YOUR OBJECTIVE -> Lines to restate from the data below: from the one containing "Gorro de punto" to the one containing "名前:さわらび Twitter:@TSawarabi(質問などお気軽に!) 職業:エンジニアリングマネージャーなど", both included. Give them again exactly, and only them.

RECORDS TO USE ->
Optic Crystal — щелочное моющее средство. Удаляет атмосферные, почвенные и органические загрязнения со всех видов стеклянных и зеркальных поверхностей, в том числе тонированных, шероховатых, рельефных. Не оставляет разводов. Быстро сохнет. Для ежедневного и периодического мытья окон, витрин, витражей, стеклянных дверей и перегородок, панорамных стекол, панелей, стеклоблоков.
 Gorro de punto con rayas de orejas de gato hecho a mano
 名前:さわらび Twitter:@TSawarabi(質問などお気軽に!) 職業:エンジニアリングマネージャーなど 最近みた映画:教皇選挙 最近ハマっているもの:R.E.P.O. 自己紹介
--
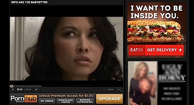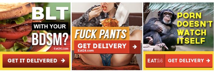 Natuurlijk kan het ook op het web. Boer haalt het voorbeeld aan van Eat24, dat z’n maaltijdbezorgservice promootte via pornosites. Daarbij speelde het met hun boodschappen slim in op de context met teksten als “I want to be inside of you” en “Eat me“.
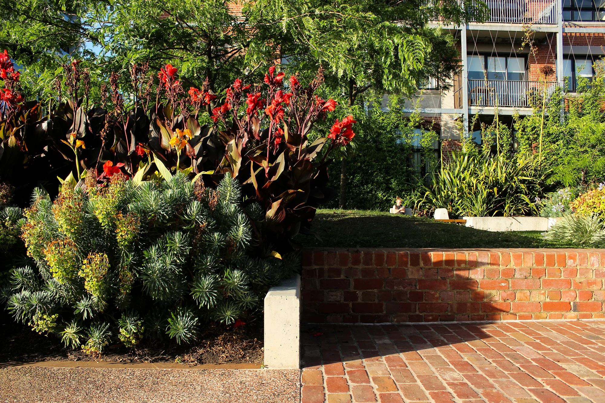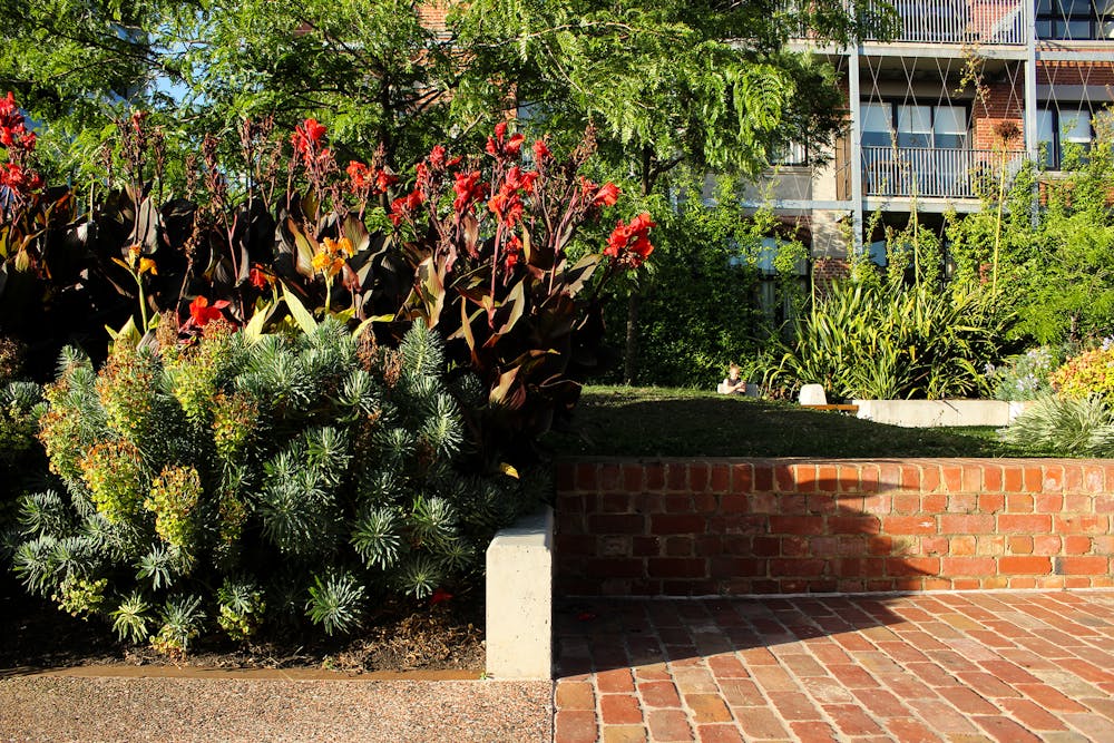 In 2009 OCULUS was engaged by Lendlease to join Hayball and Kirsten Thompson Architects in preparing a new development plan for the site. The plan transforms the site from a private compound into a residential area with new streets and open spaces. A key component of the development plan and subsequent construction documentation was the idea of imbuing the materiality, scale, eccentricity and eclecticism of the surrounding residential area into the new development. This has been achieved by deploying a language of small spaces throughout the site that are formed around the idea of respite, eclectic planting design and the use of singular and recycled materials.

ANSWER FOR THIS EXERCISE ->
 Gorro de punto con rayas de orejas de gato hecho a mano
 名前:さわらび Twitter:@TSawarabi(質問などお気軽に!) 職業:エンジニアリングマネージャーなど 最近みた映画:教皇選挙 最近ハマっているもの:R.E.P.O. 自己紹介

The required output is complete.